**WHAT IS NEEDED**
Please print nothing but the lines from the one containing "Λιονέλ Μέσι, Leo" to the final line below, exactly, and no pictures.

**DATASET CONTENT**
============

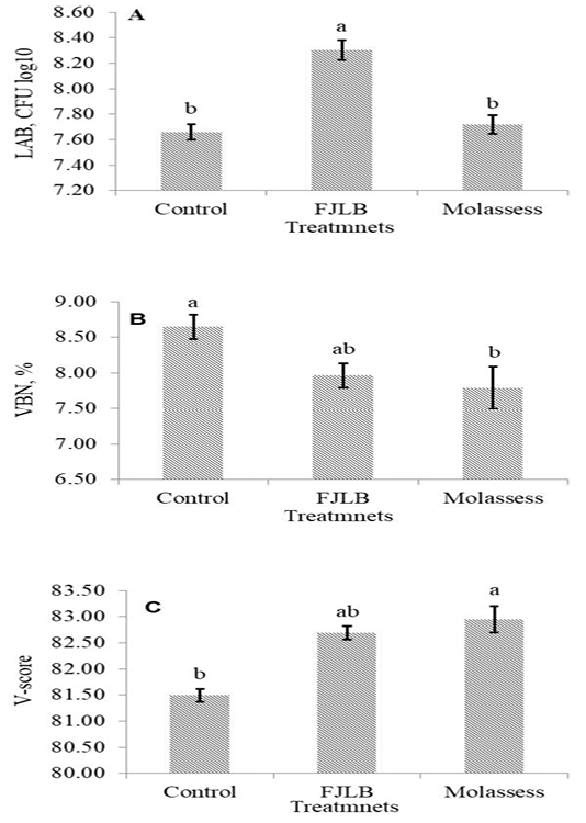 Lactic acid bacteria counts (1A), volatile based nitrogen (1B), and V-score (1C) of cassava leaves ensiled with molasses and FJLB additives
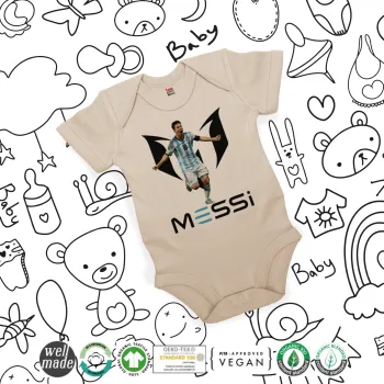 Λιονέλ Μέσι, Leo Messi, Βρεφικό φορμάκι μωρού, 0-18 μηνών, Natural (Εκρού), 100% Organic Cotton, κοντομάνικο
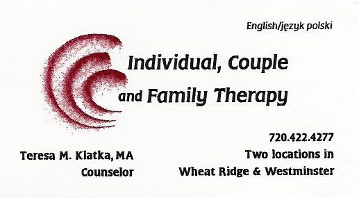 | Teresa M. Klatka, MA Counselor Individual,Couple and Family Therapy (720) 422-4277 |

============

**RESPONSE AREA**
 Λιονέλ Μέσι, Leo Messi, Βρεφικό φορμάκι μωρού, 0-18 μηνών, Natural (Εκρού), 100% Organic Cotton, κοντομάνικο
 | Teresa M. Klatka, MA Counselor Individual,Couple and Family Therapy (720) 422-4277 |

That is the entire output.